Hopkins has been in the music ministry for over 30 years and has over twenty albums. She was influenced musically by her parents and brothers. Her brothers originated the country-gospel band Brush Arbor, which won the Academy of Country Music award for Vocal Group of the Year in 1974.  With Wendy Hofheimer, she recorded three albums as "Wendy & Mary" for Sparrow Records.

Hopkins has also written several children's books, as well as curriculum books that accompany her albums. Her distributor is Big Steps 4 U. According to her web site, she uses her music and ministry to share God's love and spread the good news of the gospel of Jesus Christ. In 1997, she received a lifetime achievement award from Point Loma Nazarene University, where she studied communications and Christian education.

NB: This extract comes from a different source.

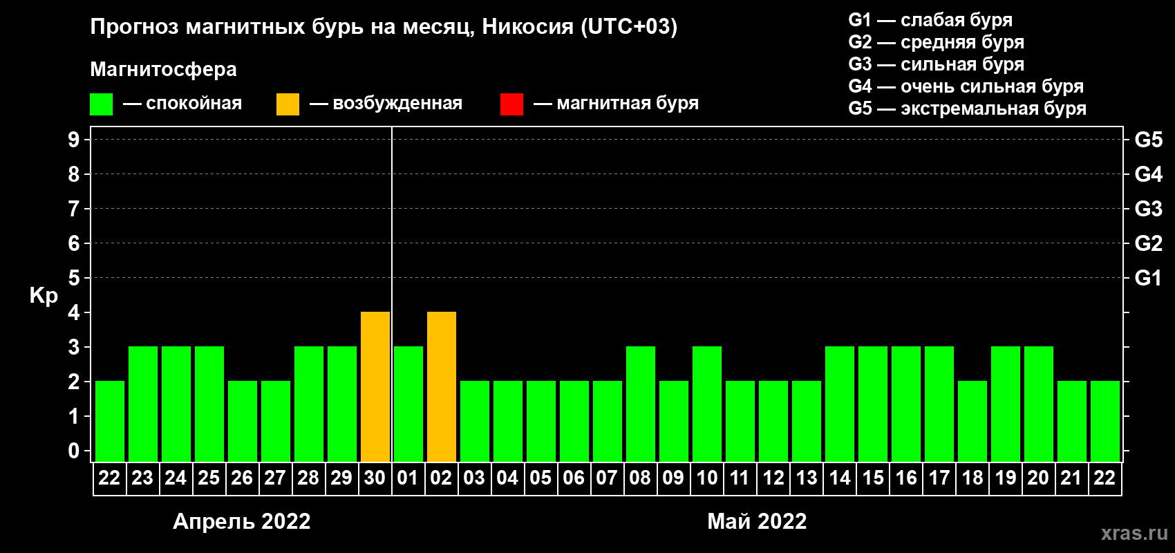 Прогноз магнитных бурь в Никосии — 22 апреля 2022 года

In 2005, Hopkins teamed up with puppeteer Darcie Maze. Together they travel the country doing concerts. They also have a television show on the TBN network and the Smile of a Child network entitled, Mary Rice Hopkins and Puppets with a Heart.  The episodes incorporate the use of puppetry, music, and Scripture to speak to children about relevant life issues. A DVD that contains two of the show's episodes has received the Dove Foundation Seal of Approval and the show itself received a Parent's Television Council Seal of Approval.

Album list
 Dancing in the Desert (2010)
 Get On Board (2007)
 A Very Mary Christmas (2006)
 Sing through the Year (2004)
 ABC's of Praise (unknown year)
 Canciones Para Toda La Familia (2004)
 Sleep Little One (2009)
 Come On Home - Parables Jesus Told (2002)
 Wendy and Mary Collection (unknown year)
 Workmanship (2000)
 Miracle Mud (2000)
 Kids Kamp (1999)
 Juggling Mom (1999)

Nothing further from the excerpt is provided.